Las ventanas, los balcones, las tapias, las chimeneas, los tejados estaban repletos de gente que se inclinaba para ver mejor. Ya se sentía el bramido de la multitud. Se aproximaba. La algarabía lo inundaba todo.

Por fin la horda se acercó. La visión era terrorífica. Al frente de ella, sudoroso, con los cabellos lacios en forma de mechas y los ojos desencajados, caminaba Aqif Kaxahu. En la mano que llevaba alzada sostenía algo pálido, blanco y tieso.

La calle atronó de extremo a extremo.

– Un brazo de hombre.

– El brazo del piloto.

– El brazo del inglés. No ha quedado más que el brazo.

– La mano que tiraba las bombas.

– ¡Ah, perro!

– ¡Pobre inglés!

– ¡Desgraciadas, cerrad los ojos!

Aqif Kaxahu agitaba sin cesar el brazo amputado para que todos lo vieran. El brazo tenía la mano abierta.

– Tiene un anillo.

– ¡Mirad, lleva un anillo en el dedo!

– ¡Ah, un anillo! Un anillo en el dedo.

Aqif Kaxahu lanzaba intermitentemente alaridos aterradores. Algunas personas que caminaban junto a él pugnaban por arrebatarle el brazo, pero no lo soltaba.

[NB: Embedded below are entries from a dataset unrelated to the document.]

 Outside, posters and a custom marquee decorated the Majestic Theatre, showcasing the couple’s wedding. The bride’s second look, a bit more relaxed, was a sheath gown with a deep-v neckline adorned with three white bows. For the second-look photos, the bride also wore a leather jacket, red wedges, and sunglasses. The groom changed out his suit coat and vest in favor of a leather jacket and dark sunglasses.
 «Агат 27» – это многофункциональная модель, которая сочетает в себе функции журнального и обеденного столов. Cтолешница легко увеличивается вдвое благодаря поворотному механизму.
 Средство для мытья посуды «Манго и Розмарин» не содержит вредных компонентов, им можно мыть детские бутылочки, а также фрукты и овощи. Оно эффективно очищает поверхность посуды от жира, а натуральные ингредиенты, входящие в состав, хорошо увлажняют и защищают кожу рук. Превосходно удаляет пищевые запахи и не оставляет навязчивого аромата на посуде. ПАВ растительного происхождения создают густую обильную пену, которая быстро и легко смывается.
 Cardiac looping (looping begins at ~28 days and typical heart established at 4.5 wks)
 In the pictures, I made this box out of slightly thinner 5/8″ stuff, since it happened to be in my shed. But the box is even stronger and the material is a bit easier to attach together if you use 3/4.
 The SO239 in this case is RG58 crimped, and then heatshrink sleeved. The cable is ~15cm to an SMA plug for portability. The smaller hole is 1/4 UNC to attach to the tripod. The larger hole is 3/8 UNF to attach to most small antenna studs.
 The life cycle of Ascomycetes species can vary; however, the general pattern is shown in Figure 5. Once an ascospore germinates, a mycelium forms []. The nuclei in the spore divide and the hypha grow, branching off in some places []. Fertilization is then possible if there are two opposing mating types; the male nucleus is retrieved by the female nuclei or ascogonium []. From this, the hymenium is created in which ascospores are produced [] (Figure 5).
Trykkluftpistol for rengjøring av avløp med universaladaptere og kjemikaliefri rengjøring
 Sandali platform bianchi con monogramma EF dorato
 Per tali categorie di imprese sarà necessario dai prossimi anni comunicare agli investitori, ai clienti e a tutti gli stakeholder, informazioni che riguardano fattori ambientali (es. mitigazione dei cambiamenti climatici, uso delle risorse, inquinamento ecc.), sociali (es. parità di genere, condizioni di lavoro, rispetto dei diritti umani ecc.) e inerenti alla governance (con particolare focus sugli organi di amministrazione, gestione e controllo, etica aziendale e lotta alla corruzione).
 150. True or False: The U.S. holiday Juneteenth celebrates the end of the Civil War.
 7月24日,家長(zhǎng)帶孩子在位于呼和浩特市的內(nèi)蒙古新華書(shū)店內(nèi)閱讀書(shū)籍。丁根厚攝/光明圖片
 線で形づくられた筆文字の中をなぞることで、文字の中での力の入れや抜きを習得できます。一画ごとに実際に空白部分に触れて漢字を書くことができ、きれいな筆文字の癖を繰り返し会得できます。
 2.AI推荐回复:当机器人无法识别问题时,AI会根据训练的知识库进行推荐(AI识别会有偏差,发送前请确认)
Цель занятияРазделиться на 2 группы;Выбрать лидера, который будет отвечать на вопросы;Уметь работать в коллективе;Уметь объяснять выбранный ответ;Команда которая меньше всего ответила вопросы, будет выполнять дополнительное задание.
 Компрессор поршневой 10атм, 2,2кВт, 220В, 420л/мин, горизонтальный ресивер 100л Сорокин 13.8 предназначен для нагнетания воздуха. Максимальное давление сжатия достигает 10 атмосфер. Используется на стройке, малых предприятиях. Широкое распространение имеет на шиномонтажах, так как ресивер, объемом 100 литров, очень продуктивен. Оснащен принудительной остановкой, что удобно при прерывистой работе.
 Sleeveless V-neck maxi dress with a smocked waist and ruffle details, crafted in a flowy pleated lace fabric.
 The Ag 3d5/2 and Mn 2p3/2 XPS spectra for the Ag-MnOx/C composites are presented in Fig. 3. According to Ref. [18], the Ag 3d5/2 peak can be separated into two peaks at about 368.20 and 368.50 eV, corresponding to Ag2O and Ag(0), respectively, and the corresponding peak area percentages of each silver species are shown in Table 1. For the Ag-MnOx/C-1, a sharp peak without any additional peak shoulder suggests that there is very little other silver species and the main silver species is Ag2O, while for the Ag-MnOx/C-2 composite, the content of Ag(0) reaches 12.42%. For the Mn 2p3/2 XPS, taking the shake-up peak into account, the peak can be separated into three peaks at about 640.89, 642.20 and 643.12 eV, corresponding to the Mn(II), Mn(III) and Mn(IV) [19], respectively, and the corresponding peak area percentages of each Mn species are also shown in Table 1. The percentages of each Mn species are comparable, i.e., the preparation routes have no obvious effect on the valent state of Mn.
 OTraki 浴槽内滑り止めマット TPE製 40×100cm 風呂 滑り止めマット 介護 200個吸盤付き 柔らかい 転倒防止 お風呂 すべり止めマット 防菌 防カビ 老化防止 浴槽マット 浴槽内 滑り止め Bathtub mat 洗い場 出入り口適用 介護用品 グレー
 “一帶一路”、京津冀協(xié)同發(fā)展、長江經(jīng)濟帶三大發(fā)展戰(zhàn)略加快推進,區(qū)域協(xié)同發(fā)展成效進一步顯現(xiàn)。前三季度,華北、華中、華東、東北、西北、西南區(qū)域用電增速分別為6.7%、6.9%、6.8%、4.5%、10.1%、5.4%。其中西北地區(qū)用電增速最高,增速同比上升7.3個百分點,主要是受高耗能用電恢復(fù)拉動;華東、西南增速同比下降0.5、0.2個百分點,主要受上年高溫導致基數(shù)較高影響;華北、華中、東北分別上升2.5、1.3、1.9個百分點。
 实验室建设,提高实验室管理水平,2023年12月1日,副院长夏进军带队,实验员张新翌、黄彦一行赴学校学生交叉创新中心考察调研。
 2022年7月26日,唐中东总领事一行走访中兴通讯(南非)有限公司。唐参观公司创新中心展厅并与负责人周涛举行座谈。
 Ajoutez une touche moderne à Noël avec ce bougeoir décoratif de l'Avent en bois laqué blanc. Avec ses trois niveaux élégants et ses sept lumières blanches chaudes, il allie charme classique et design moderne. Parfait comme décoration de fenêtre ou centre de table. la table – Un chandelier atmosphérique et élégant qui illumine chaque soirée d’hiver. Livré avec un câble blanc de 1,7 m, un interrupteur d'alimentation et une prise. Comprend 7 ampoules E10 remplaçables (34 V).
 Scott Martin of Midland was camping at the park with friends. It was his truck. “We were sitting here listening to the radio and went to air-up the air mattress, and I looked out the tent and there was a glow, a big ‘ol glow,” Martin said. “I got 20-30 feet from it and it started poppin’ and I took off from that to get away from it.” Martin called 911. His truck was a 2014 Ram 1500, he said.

La mujer de Aqif Kaxahu comenzó a tirarse de los pelos y a gritar desde la ventana.

– Aqif, querido, tira esa mano. Tírala, anda. Es la mano del demonio. ¡Tírala!

– Alguien se desmayó.

– Apartad a los niños -gritaba alguien.

– ¡Dios, apiádate de nosotros!

– Desdichado inglés.

La multitud se alejaba hacia el centro. La mano amputada del piloto, la mano que había castigado a la ciudad, se agitaba temerosa sobre la turba.

FRAGMENTO DE CRÓNICA

– … cia. Propiedad. El viejo pleito de los Angoni contra los Karllashe, interrumpido temporalmente a causa de los bombardeos, se reinició ayer. Derribado el primer avión sobre nuestra ciudad. Se encontró un brazo del piloto. Nuestra ciudad no había presenciado nunca una visión apocalíptica semejante. La multitud enarbolaba el brazo cortado del piloto inglés. Había logrado apresar lo inaprensible, la encarnación del mal, la misma mano del destino fatal, que lleva tantos días castigándonos sin piedad. Reportaje pormenorizado en el próximo número. Sección lingüística. Los señores destructores de la lengua se exceden en su audacia. Después de haber tenido la desvergüenza de sustituir el hermoso vocablo albanés «kredharak» por «submarino», utilizan ahora la palabra extranjera «avión» en lugar del hermoso término albanés «ajror». Vergonzoso. Lista de fallecidos en el último bombardeo: L. Tash., L. Kadaré, M. Chiku, K. Drami, E.